Yeah, abortion as such does sound wrong. Two people have sex (or a few rare cases make love) and by-mistake create a new being. As this li’l one was not a part of their plans they want to destroy the baby! Its not the baby’s fault!All Beings are created by God and it is incorrect to abort….actually KILL the baby before (s)he is born. Rite? MABBE!
Though I haven’t been thru’ it I am sure giving birth to a baby isn’t all that easy for any woman.I don't think it is essential for me to explain what a nightmare life would be if the teenage mother chooses to keep the baby. Bringing up a child is obviously not easy. I’ve heard and agree that the mother develops a unique bond with the li’l one and it won’t be so easy to give it up to some strangers or friends and carry on with life like nothing happened at the end of those 9 mths. Me thinks it would haunt a mother for a long time if not all thru’ her life .She would want to know where n how her baby is doing. But let’s assume the teenage mother doesn’t really feel that bond for the baby and is ready to give it up…

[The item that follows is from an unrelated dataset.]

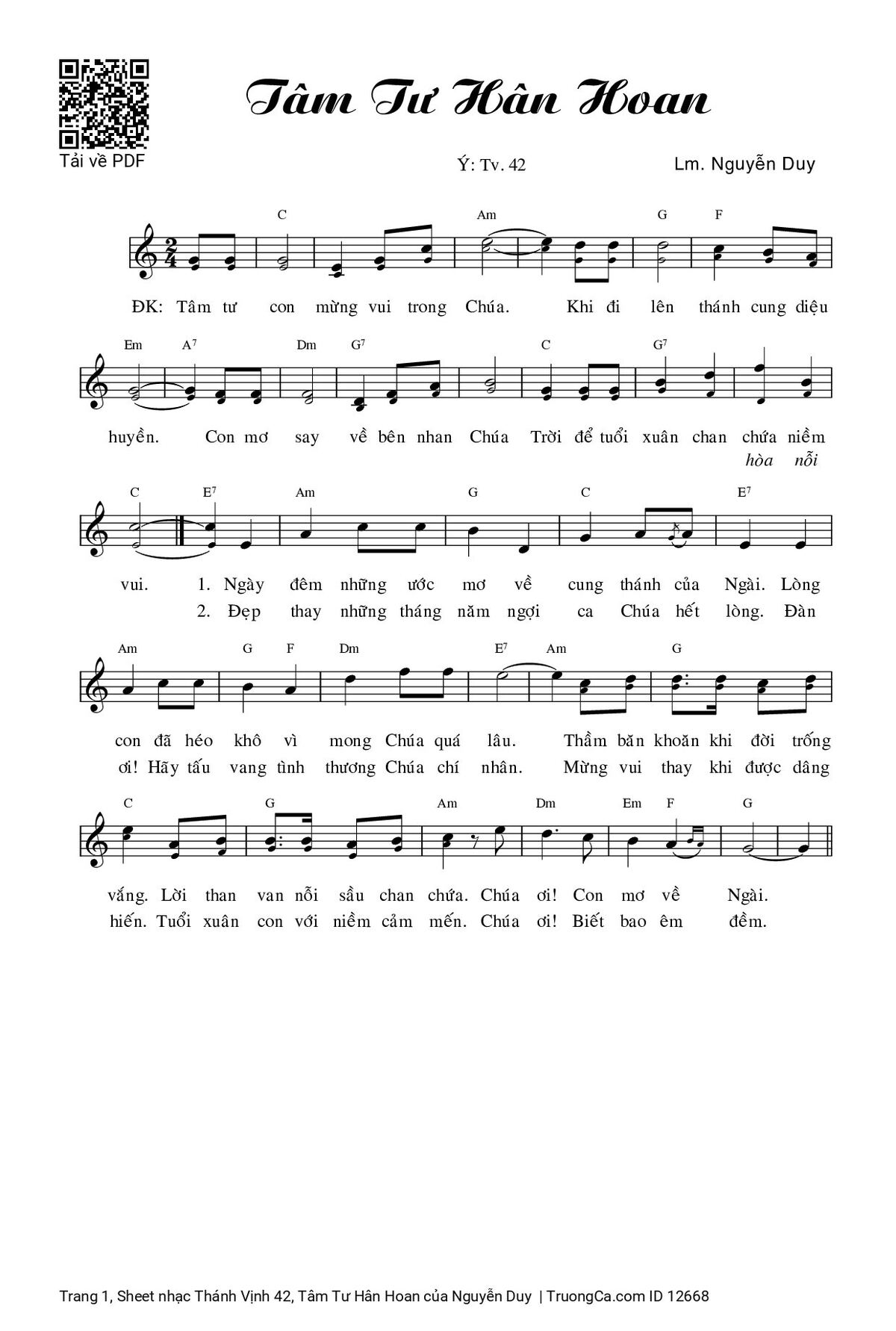 Các sheet PDF tương tự Thánh Vịnh 42, Tâm Tư Hân Hoan:

Even then, I’m pretty sure 9 months doesn’t fly by when one is pregnant. For starters ur body is going to look weird and behave weirder. Society is going to ridicule you. It won’t be as easy to go back to school/college and NORMAL life. The after-effects will remain for many years before the gurl can get back to regular living and the baby-incident fades from the minds of society. So, Abortion is the best solution. Rite? MABBE!